🤖 AI Summary
Existing research evaluates the faithfulness of Chain-of-Thought (CoT) reasoning through two disjoint paradigms—contextual and parametric—lacking a systematic understanding of their interplay. This work proposes FaithMate, a unified preference alignment framework that establishes, for the first time, an integrated interface for joint optimization and evaluation. By leveraging techniques such as preference alignment, input/reasoning perturbations, and parameter interventions, the study systematically investigates the coupling characteristics and generalization capabilities of both faithfulness types across multiple models and datasets. The findings reveal an asymmetric coupling and inherent trade-off: optimizing parametric faithfulness consistently enhances performance in both paradigms, whereas contextual optimization yields unstable gains with poor transferability. These results challenge the conventional assumption that faithfulness is a singular objective, underscoring the necessity of multidimensional co-optimization and evaluation for CoT faithfulness.
📝 Abstract
Chain-of-Thought (CoT) faithfulness, i.e., whether CoTs genuinely reflect large language models' (LLM) underlying behavior, is typically evaluated under two disjoint paradigms: contextual faithfulness, measured by perturbing the input or CoT trace, and parametric faithfulness, assessed by intervening on a model's parametric knowledge. Yet prior work compares them only descriptively. We fill this gap by proposing FaithMate, a unified preference-alignment interface for optimizing models towards either faithfulness paradigm. It enables us to investigate the interplay between the two paradigms, examining whether and to what extent faithfulness gains generalize within and across paradigms.

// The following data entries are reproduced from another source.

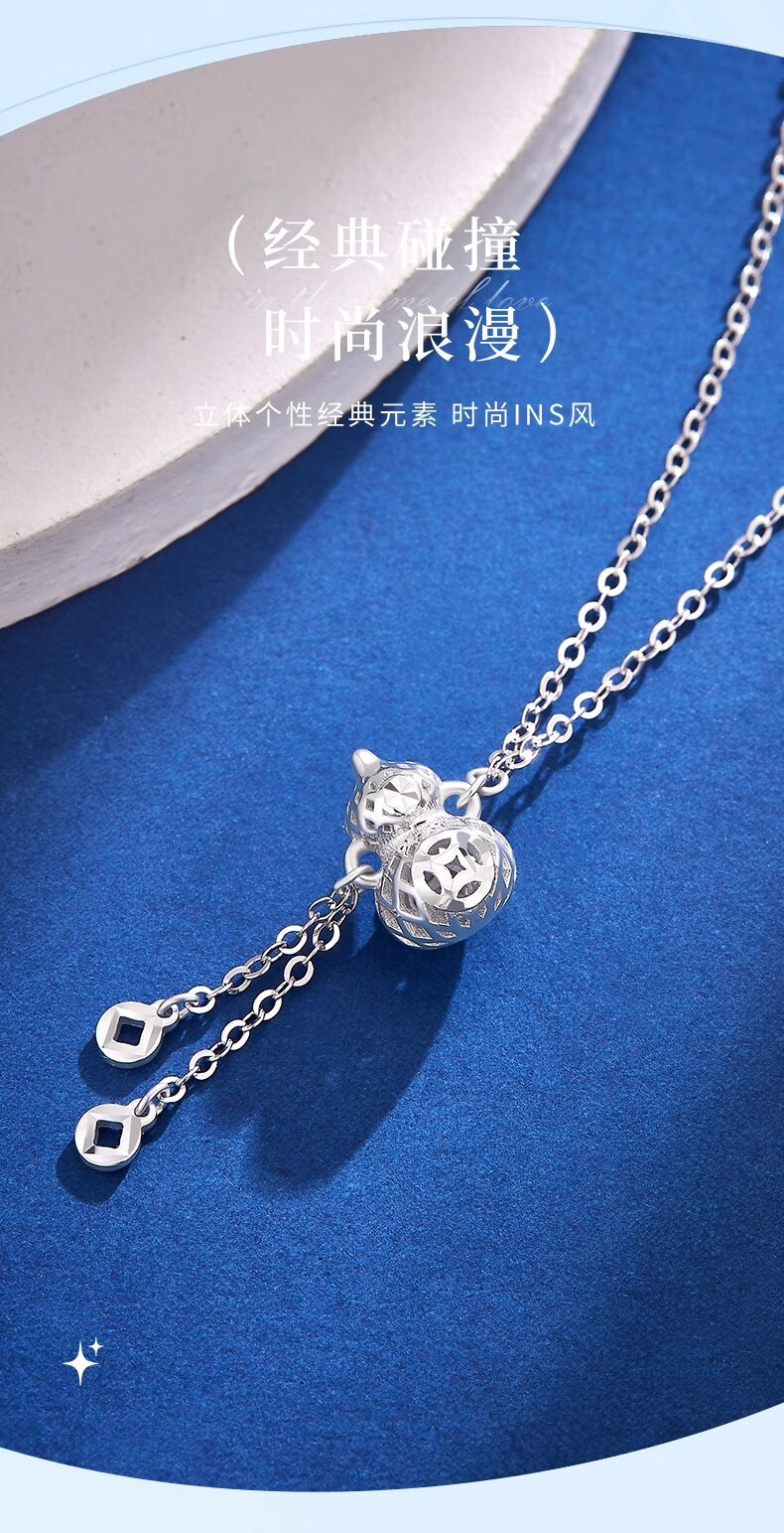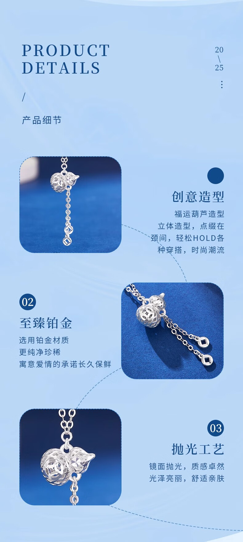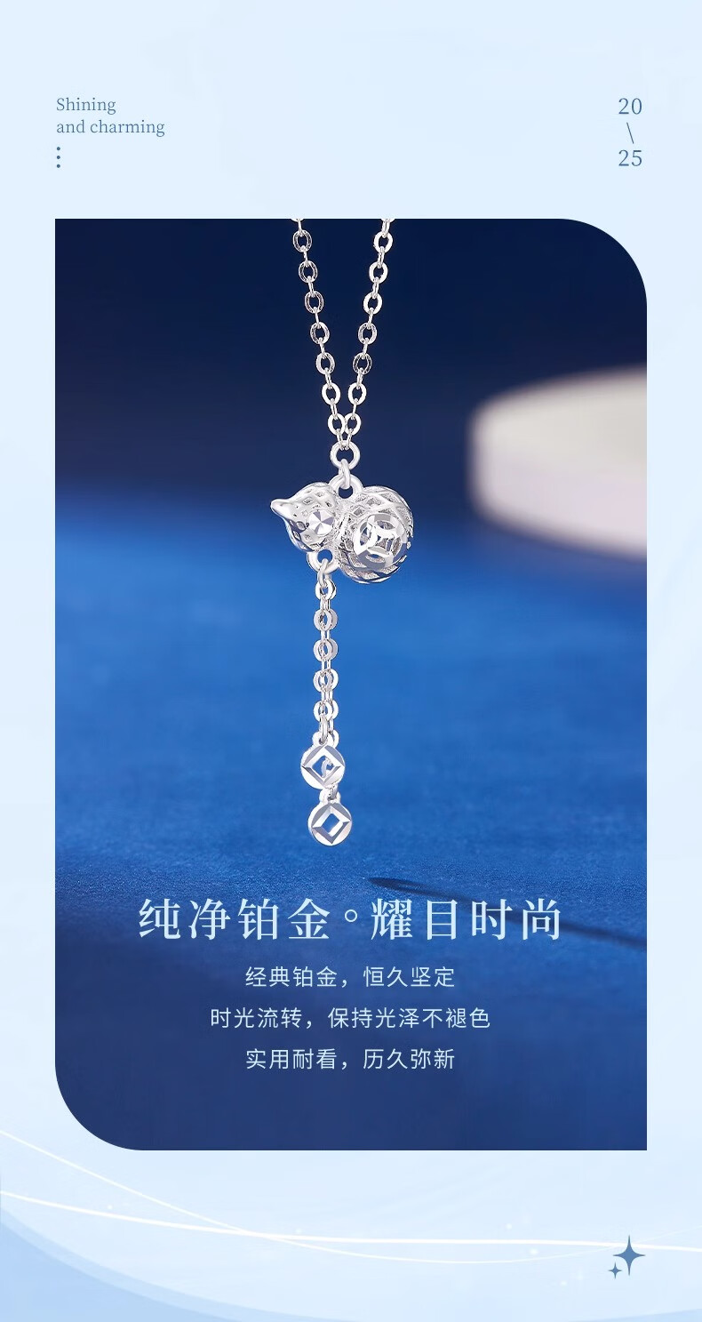 CHINA GOLD PT950 Platinum Gourd Tassel Pendant Women's Pure Platinum Valentine's Day Birthday Gift Year of the Horse Animal Year Gift PT950 Platinum Gourd Tassel Necklace About 5.4g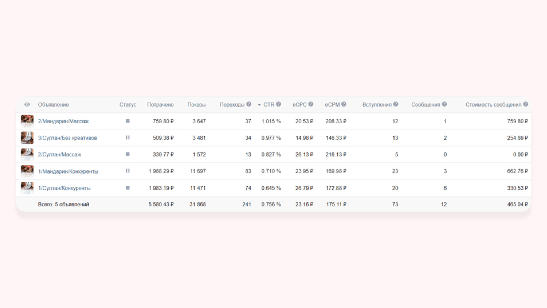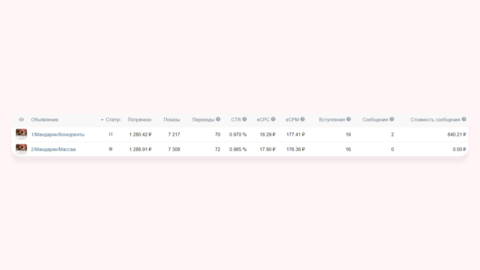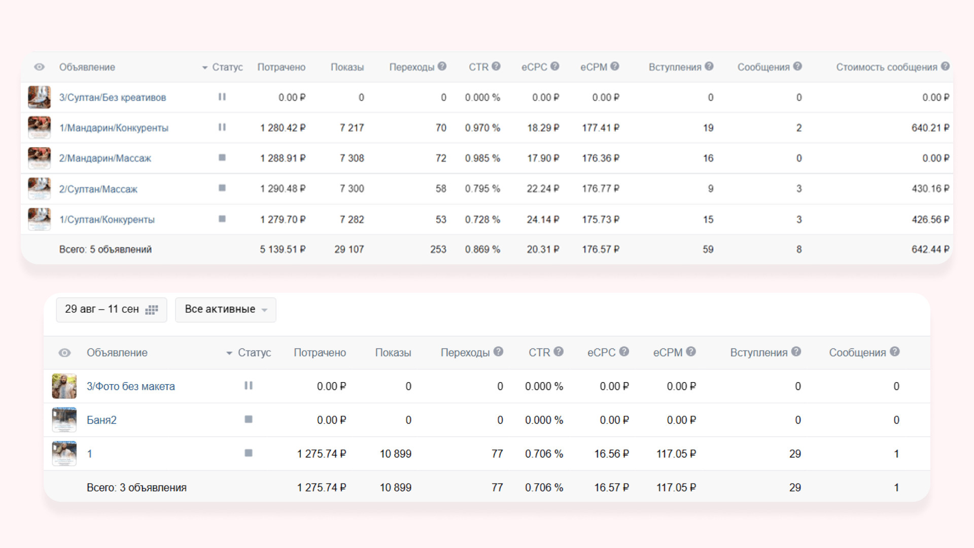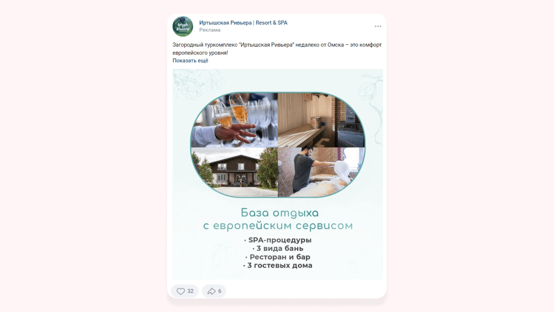 По итогам тестового периода работы получили 67 вступлений в сообщество и 5 заявок по 1014 ₽ Так как первые заявки на «Гостевые дома» выходили по стоимости выше KPI, то мы исключили из рекламной кампании объявления, которые работали хуже всего, и добавили рекламу в видеоформате. Видеоклип и объявления, которые показали хороший результат в тестовом периоде, продолжили запускать на аудиторию «Прямые конкуренты» и начали показывать на аудитории «Ключевые фразы по загородному» отдыху и на «Заинтересованные аудитории». Понимая, что средний цикл принятия решения о заказе услуг в туркомплексе не менее 30 дней и любой подписчик сообщества мог являться нашим потенциальным клиентом, мы сфокусировались не на чистой лидогенерации, а на работе вдолгую, через набор базы подписчиков. За второй месяц работы лучшим объявлениям для привлечения подписчиков стал видеоклип, который показывал территорию туркомплекса. К видеоклипу не писали текст, чтобы не отвлекать аудиторию от динамической картинки, которая показывала дома, спа, набережную, ресторан и территорию и дарила приятные эмоции. После основного периода работы получили 234 подписчика и 26 обращений по 632 ₽* по запросу на бронирование гостевого дома в сообщениях сообщества. В итоге за весь период работы по направлению «Гостевые дома»: Для продвижения направления «Бани и спа-услуги» начали работу с аудиториями прямых конкурентов. У нас была база из 11 000 жителей Омска, которые ранее интересовались и посещали спа-салоны. Все эти люди были нашими потенциальными клиентами. Сложность была в том, что большая часть базы конкурентов была из неактивных подписчиков: люди неохотно лайкали посты и писали комментарии. Поэтому с этой аудиторией решили работать с минимальным дневным бюджетом: охватывали аудиторию не за 1-2 дня, а примерно за неделю. Рекламную кампанию направления «Бани и спа-услуги» решили разделить. У заказчика одна баня и два вида спа-процедур: турецкий хаммам «Султан» и паназиатская баня «Мандарин». У каждого свои особенности и преимущества, поэтому решили на каждый вид услуг запустить своё рекламное объявление. Реклама паназиатской бани «Мандарин». Сделали акцент на роскошные процедуры в экзотической атмосфере сиамского массажного салона, ароматные скрабы и омолаживающие обертывания на французской косметике. Во время тестового периода запуска рекламы на паназиатскую баню получили 35 подписчиков и 2 заявки по 2569 ₽ Реклама турецкого хаммама «Султан». Сделали акцент на уникальный массаж, пилинг, французское обертывание и бассейн. Интересно, что стоимость обращения по рекламе спа-процедуры паназиатская баня «Мандарин» была в 6 раз выше средней стоимости заявки по хаммаму, хотя призывы к действию в рекламных объявлениях были одинаковые. Забегая вперед скажем, что и при основном ходе работы объявление спа-процедуры турецкий хаммам «Султан» сработал лучше. С него получили 25 подписчиков и 6 обращений по 387 ₽. Предполагаем, что в рекламе сработала фотография девушки, которая отдыхает после спа-процедур в туркомплексе. И предложение провести время на спа-процедурах и избавиться от напряжения и усталости. Именно этого хотят женщины после трудной недели. Русская банька. У заказчика профессиональные пар-мастера, которые учились у лучших банщиков России, поэтому мы разместили их на фотогр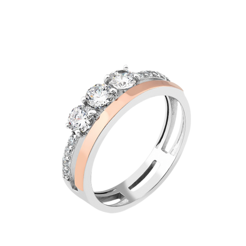 Sidabrinis žiedas dengtas auksu su cirkoniais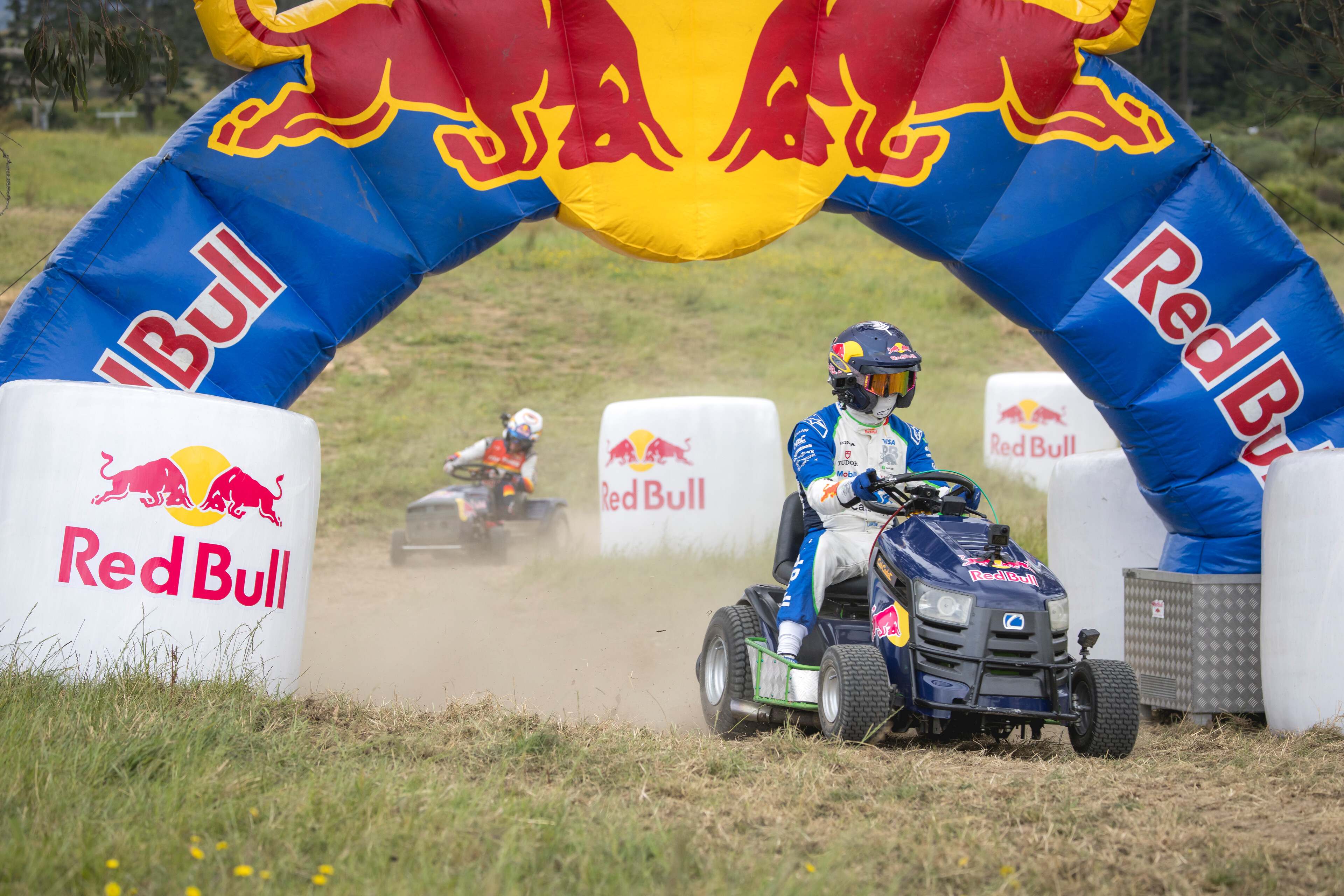Posljednji test je oslikao pravu novozelandsku domišljatost, a to je brza utrka kosilica na zemljanom terenu, ali s "joker" krugom. To je transformisalo inovaciju u dvorištu u spektakl punog gasa, bez aerodinamike ili podataka na koje bi se moglo osloniti.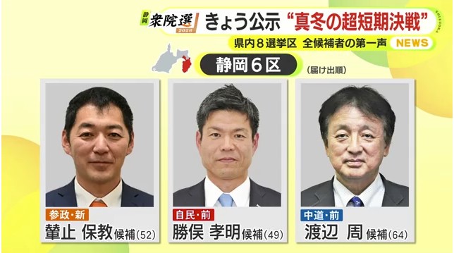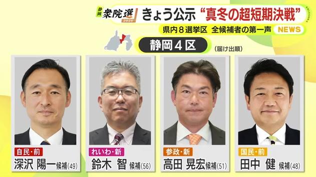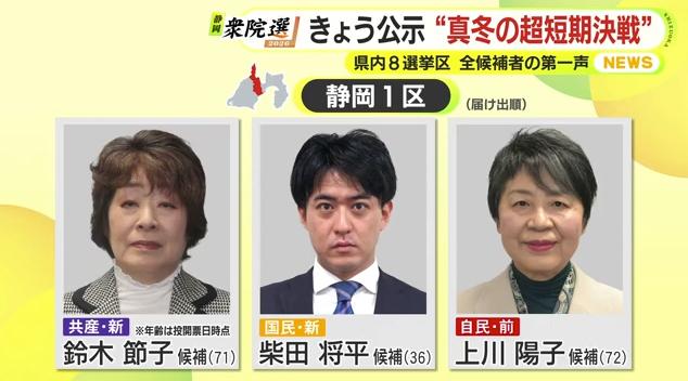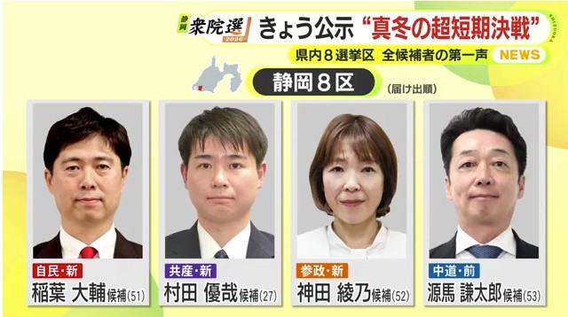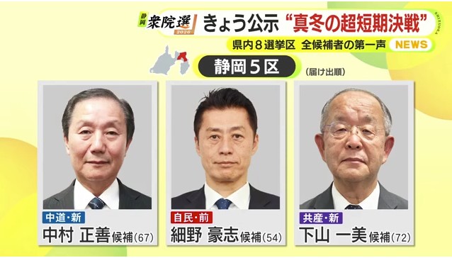 1月27日公示された衆議院選挙。静岡県内8つの小選挙区にあわせて26人が立候補しました。選挙区ごと候補者全員の顔ぶれと第一声を届け出順にお伝えします。

Across three models, two datasets, and six faithfulness metrics, we find that the two paradigms are positively coupled, yet asymmetric: optimizing towards parametric faithfulness yields consistent gains across both paradigms, whereas the contextual counterpart delivers more variable gains. Within the contextual paradigm, faithfulness gains on one metric do not consistently transfer to others, implying that existing contextual metrics capture disjoint facets of faithfulness and exposing inherent trade-offs. These findings imply that CoT faithfulness is not a monolithic objective and therefore requires multifaceted optimization and evaluation.